Precise Workcell Sketching from Point Clouds Using an AR Toolbox
- URL: http://arxiv.org/abs/2410.00479v1
- Date: Tue, 1 Oct 2024 08:07:51 GMT
- Title: Precise Workcell Sketching from Point Clouds Using an AR Toolbox
- Authors: Krzysztof Zieliński, Bruce Blumberg, Mikkel Baun Kjærgaard,
- Abstract summary: Capturing real-world 3D spaces as point clouds is efficient and descriptive, but it comes with sensor errors and lacks object parametrization.
Our method for 3D workcell sketching from point clouds allows users to refine raw point clouds using an Augmented Reality interface.
By utilizing a toolbox and an AR-enabled pointing device, users can enhance point cloud accuracy based on the device's position in 3D space.

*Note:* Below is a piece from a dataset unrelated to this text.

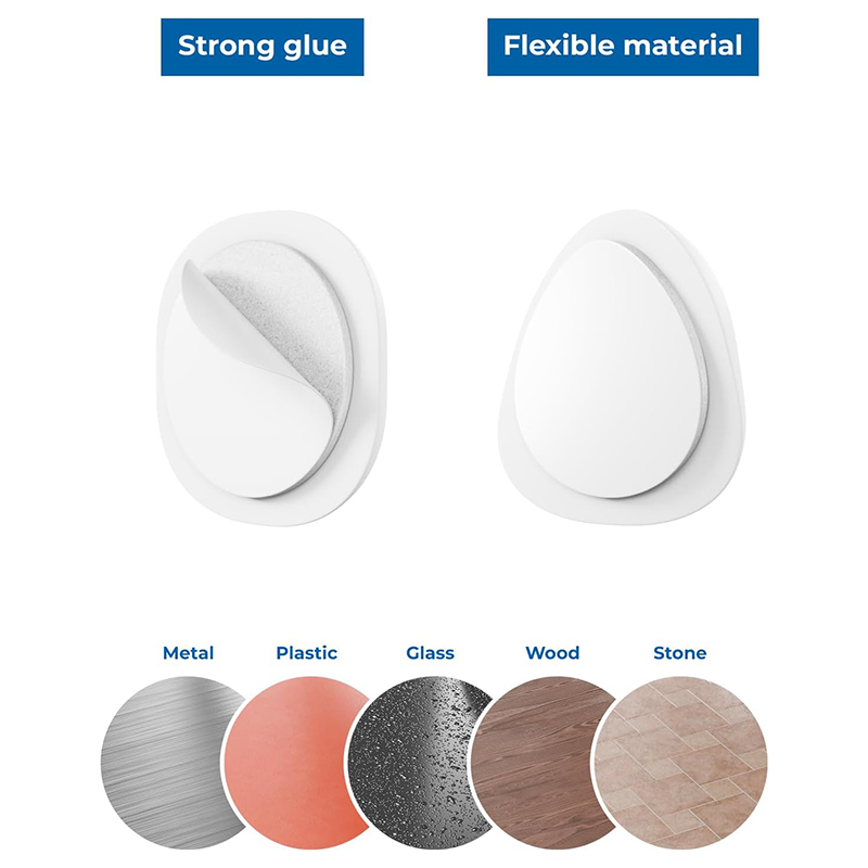 Acest produs facilitează organizarea, organizarea și fixarea cablurilor. Instalarea este rapidă, fără instrumente, datorită suportului autoadeziv care aderă fiabil

- Score: 1.249418440326334
- License: http://arxiv.org/licenses/nonexclusive-distrib/1.0/
- Abstract: Capturing real-world 3D spaces as point clouds is efficient and descriptive, but it comes with sensor errors and lacks object parametrization. These limitations render point clouds unsuitable for various real-world applications, such as robot programming, without extensive post-processing (e.g., outlier removal, semantic segmentation). On the other hand, CAD modeling provides high-quality, parametric representations of 3D space with embedded semantic data, but requires manual component creation that is time-consuming and costly. To address these challenges, we propose a novel solution that combines the strengths of both approaches. Our method for 3D workcell sketching from point clouds allows users to refine raw point clouds using an Augmented Reality (AR) interface that leverages their knowledge and the real-world 3D environment. By utilizing a toolbox and an AR-enabled pointing device, users can enhance point cloud accuracy based on the device's position in 3D space. We validate our approach by comparing it with ground truth models, demonstrating that it achieves a mean error within 1cm - significant improvement over standard LiDAR scanner apps.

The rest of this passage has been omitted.